### Problem description
Repeat all entries word for word; skip images.

### Records provided

##############################

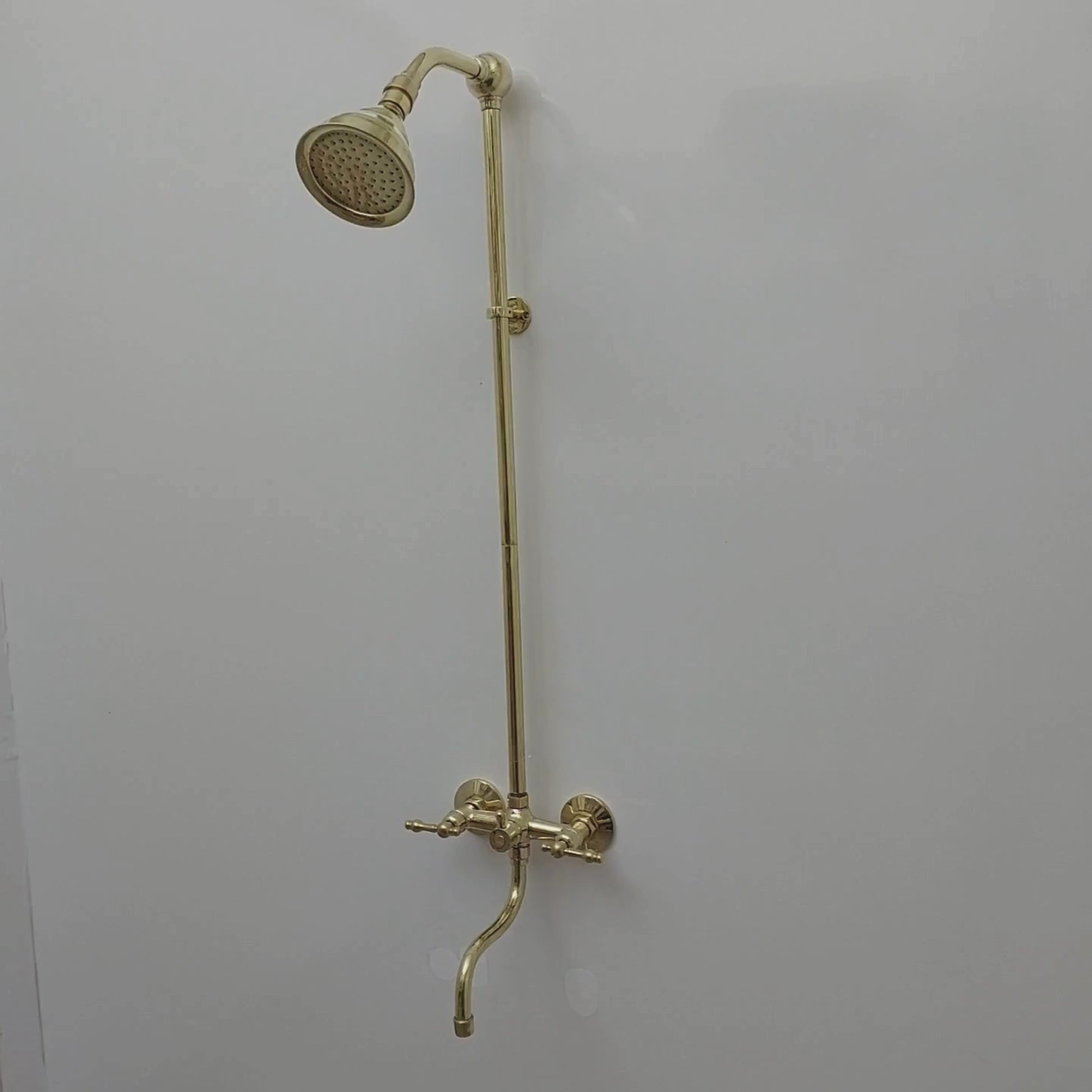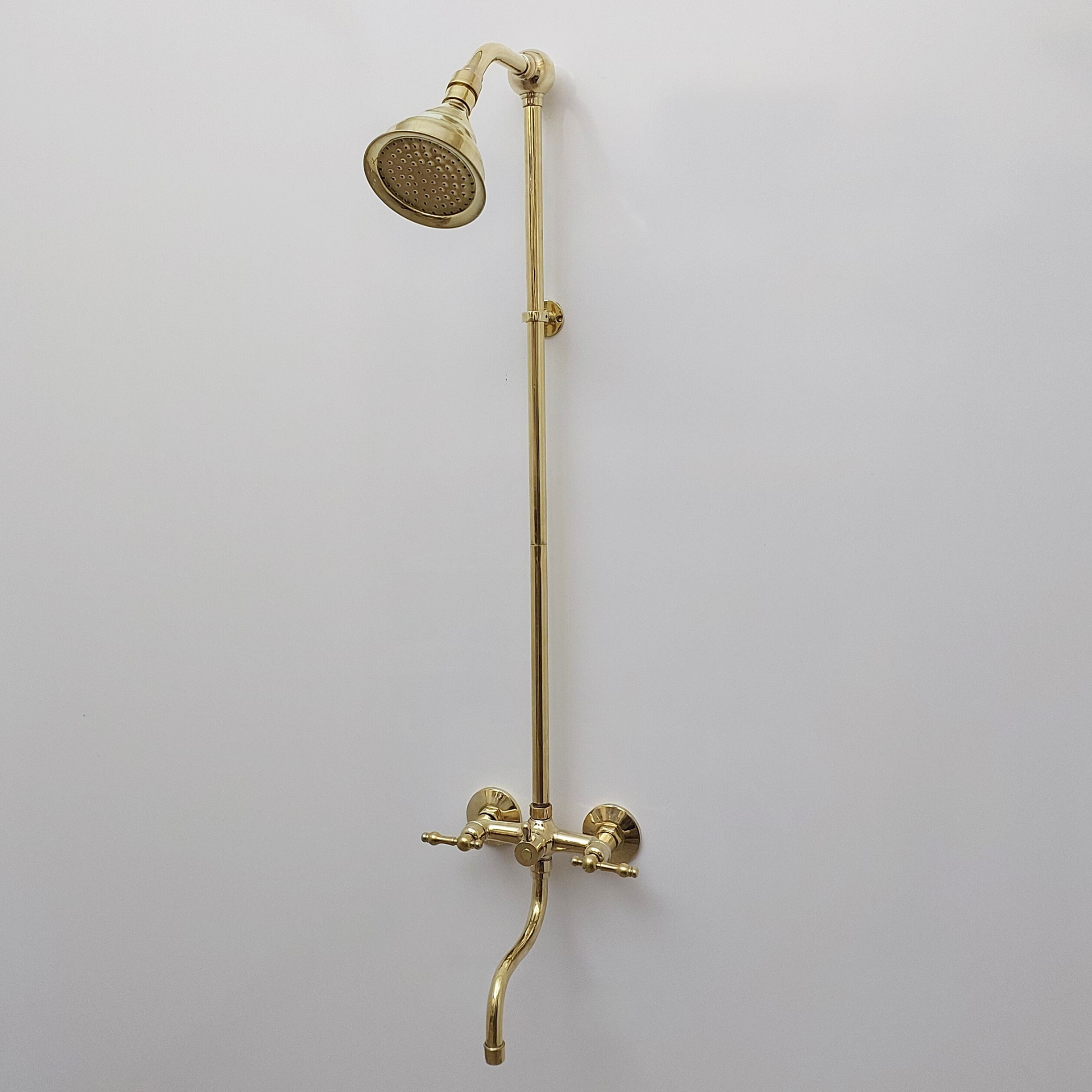 Bring elegance and timeless style to your bathroom with this Unlacquered Brass Shower System. Featuring an Adjustable Round Shower Head for a luxurious rain-like experience, a convenient Tub Filler for versatile use, classic Lever Handles for easy water control, and a small Lever Handle Diverter to seamlessly switch water flow between the shower head and tub filler. Crafted from premium brass with an unlacquered finish, this shower system develops a natural patina over time, enhancing its vintage appeal and making it the perfect blend of functionality and sophistication.
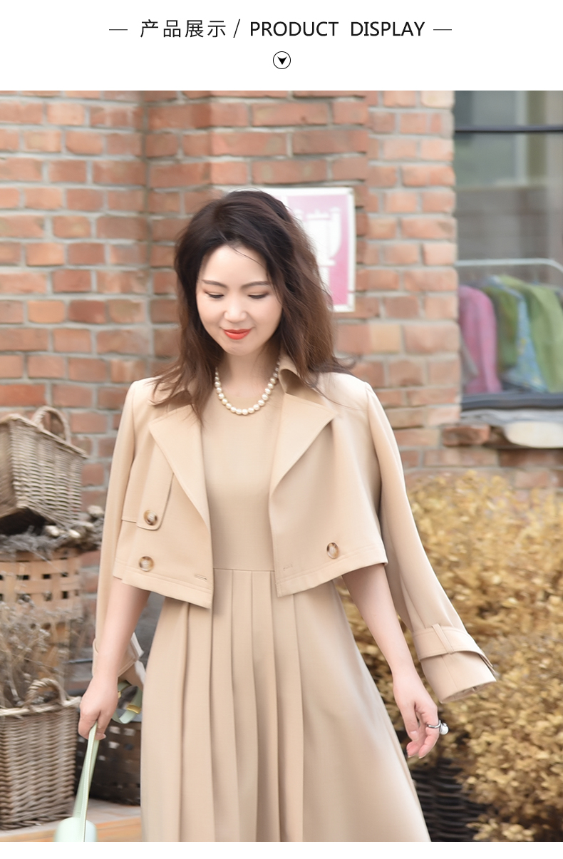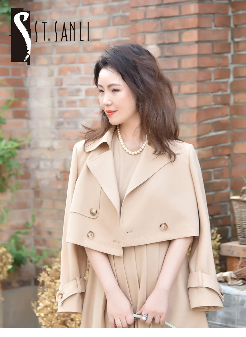 圣三利女装春秋季纯色西装领短款风衣SL121A29
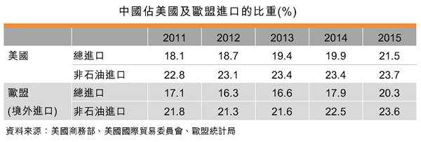 在美國和歐盟全球兩大進口市場,中國所占的比重也在上升。據(jù)美國統(tǒng)計,中國占美國進口的比重從2011年的18.1%擴大到2015年的21.5%(若扣除石油進口,同期所占比重從22.8%上升至23.7%)。據(jù)歐盟統(tǒng)計,中國占歐盟境外進口的比重從2011年的17.1%上升到2015年的20.3%(若扣除石油進口,同期所占比重從21.8%上升到23.6%)。中國在日本進口總額所占的比重也從2011年的21.5%上升到2015年的24.8%。
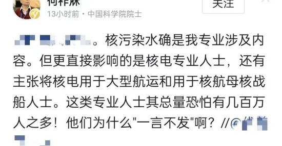 与此同时,却对日本排放核污水事件声称此事应该有专业人士来进行评判,广大网友无权做出批判。
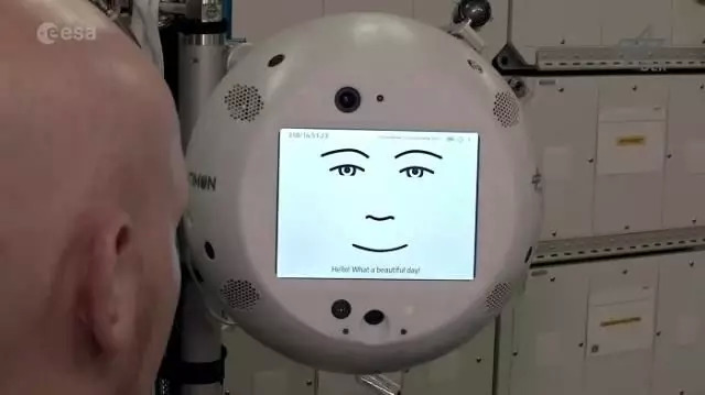 最为人熟知的空间站AI,应该就是前一阵被SpaceX送上太空的Cimon了,这款长着一张大饼脸和蜜汁微笑的机器人全名是移动式成员互动伙伴。在空间站中它的主要作用就是陪伴宇航员聊天,通过语言和面部表情识别来感知他们的情绪。

##############################

### Solution
 Bring elegance and timeless style to your bathroom with this Unlacquered Brass Shower System. Featuring an Adjustable Round Shower Head for a luxurious rain-like experience, a convenient Tub Filler for versatile use, classic Lever Handles for easy water control, and a small Lever Handle Diverter to seamlessly switch water flow between the shower head and tub filler. Crafted from premium brass with an unlacquered finish, this shower system develops a natural patina over time, enhancing its vintage appeal and making it the perfect blend of functionality and sophistication.
 圣三利女装春秋季纯色西装领短款风衣SL121A29
 在美國和歐盟全球兩大進口市場,中國所占的比重也在上升。據(jù)美國統(tǒng)計,中國占美國進口的比重從2011年的18.1%擴大到2015年的21.5%(若扣除石油進口,同期所占比重從22.8%上升至23.7%)。據(jù)歐盟統(tǒng)計,中國占歐盟境外進口的比重從2011年的17.1%上升到2015年的20.3%(若扣除石油進口,同期所占比重從21.8%上升到23.6%)。中國在日本進口總額所占的比重也從2011年的21.5%上升到2015年的24.8%。
 与此同时,却对日本排放核污水事件声称此事应该有专业人士来进行评判,广大网友无权做出批判。
 最为人熟知的空间站AI,应该就是前一阵被SpaceX送上太空的Cimon了,这款长着一张大饼脸和蜜汁微笑的机器人全名是移动式成员互动伙伴。在空间站中它的主要作用就是陪伴宇航员聊天,通过语言和面部表情识别来感知他们的情绪。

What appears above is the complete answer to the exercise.